The test for its generalization ability is carried out by investigating its capability to filter the new data that were not included in the training process. In this study, for a test network generalization, we plotted output sets and desired outputs of data that were chosen for this stage of network development. To test the trained ANN, new data were used with some noisy events (Fig. 4a). One can see that the noise is attenuated on the obtained output ANN (Fig. 4c). In this case, the trained network is said to have a good generalization performance.

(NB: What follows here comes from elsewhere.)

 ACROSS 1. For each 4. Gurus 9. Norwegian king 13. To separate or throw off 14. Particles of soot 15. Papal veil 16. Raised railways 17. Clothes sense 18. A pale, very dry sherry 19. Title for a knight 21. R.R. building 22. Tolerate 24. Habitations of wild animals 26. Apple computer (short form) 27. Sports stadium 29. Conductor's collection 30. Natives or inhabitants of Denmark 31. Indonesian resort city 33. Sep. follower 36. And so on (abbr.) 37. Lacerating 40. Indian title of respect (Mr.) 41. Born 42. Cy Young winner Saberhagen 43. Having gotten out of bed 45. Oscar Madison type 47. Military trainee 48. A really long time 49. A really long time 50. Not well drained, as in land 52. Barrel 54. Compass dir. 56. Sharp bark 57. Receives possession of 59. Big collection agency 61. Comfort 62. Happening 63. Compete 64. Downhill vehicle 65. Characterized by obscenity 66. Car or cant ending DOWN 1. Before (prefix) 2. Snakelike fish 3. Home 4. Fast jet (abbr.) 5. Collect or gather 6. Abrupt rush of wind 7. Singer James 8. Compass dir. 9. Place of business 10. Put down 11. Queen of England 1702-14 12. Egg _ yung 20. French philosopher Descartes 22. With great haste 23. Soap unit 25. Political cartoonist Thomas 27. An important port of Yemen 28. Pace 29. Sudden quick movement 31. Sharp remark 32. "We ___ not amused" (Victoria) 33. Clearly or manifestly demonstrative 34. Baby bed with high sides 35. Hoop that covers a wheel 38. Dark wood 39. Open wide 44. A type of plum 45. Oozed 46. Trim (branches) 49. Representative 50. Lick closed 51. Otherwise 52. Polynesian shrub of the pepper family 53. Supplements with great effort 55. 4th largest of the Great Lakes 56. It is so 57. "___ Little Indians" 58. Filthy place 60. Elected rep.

Let's compare both ANN output in the generalization phase (Fig. 4c) and the obtained filtered section (Fig. 4b), which is the desired ANN output, using the previous procedure in data preparation. Isolated horizons can be seen mostly in the upper part of the section (< 1200 ms), where filtering was effective: reduction of energetic areas (< 400 ms), attenuation of direct and refracted waves and ground roll at different levels.
4 Conclusion
In this work, the neural networks of Elman type were addressed to filter seismic data. The results show that networks could establish relationship between noisy and filtered traces, based on their ability of approximation and adaptation. The training of the network can be considered as a means to synthesize automatically a function (control mapping), generally a non-linear one, which plays a role of filter.

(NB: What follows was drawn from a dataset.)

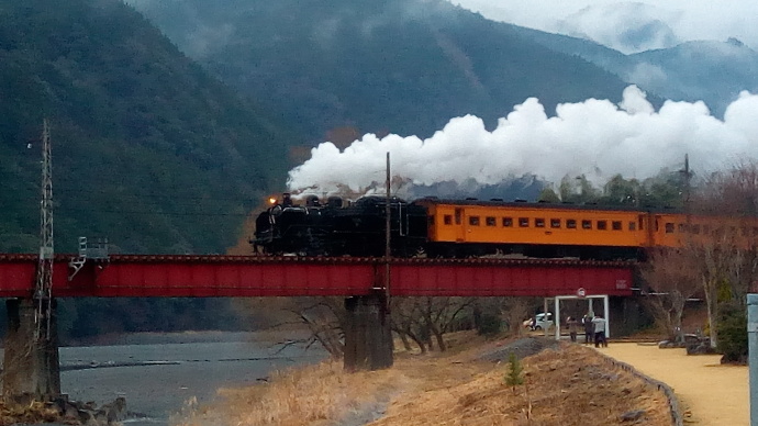 あと一日数回、大井川鉄道のSLが近くの鉄橋を通ります。今日は15時半に通るとのことだったので、休憩時間を調整して通過ポイントに移動しましたね。移動、って言いますがそんな大したことなくて、この鉄橋のすぐ横が温泉の駐車場です。

In our case, the learning ANN algorithm used a steepest descent technique that is based on straight downhill in the weight space till the first valley is reached. This makes the choice of an initial starting point in the multi-dimensional weight space critical. To overcome this limitation, the training process was repeated a number of times with different starting weights. The excellent results indicate that training of this network was done successfully, and the Elman network has the ability to obtain strict convergence for a complicated set of data in case of filtering of seismic data. Moreover, the method is able to reproduce features that were not included in its training set. In fact, based on the results of the ability of generalization, the application of the ANN technique in a same seismic exploration area produced reasonable signal-to-noise ratio on data sets that were not learned.
Several tests were performed with synthetic data in the presence of two kinds of noise (random and Gaussian) with rates of 10% and 50%. The results show that the used ANN structure (i.e. Elman type) was able to recognize and reduce the noise. The same results were also obtained on real seismic data.

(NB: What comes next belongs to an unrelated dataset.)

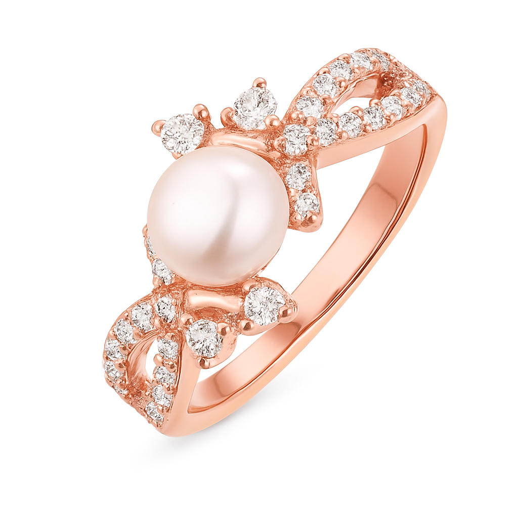 Size & Product Weight:“Eternal Embrace” Pearl & Diamond Ribbon Ring (3.90gr)

We think that feedback neural networks, with their ability to discover input–output relationships will increasingly be used in engineering applications, especially in petroleum engineering, usually associated with intrinsic complexity. The results obtained demonstrate that the neural network can detect several types of noise in data contaminated by multiple events classified as noise (e.g., direct and refracted waves, ground roll, random noise) and reduce them significantly.
The main advantage of using ANN for filtering seismic data is that once the ANN has been trained, it has the ability to quickly filter new data.
Acknowledgements
We thank both the two anonymous referees who suggested some remarks that have allowed us to improve the final version of the manuscript.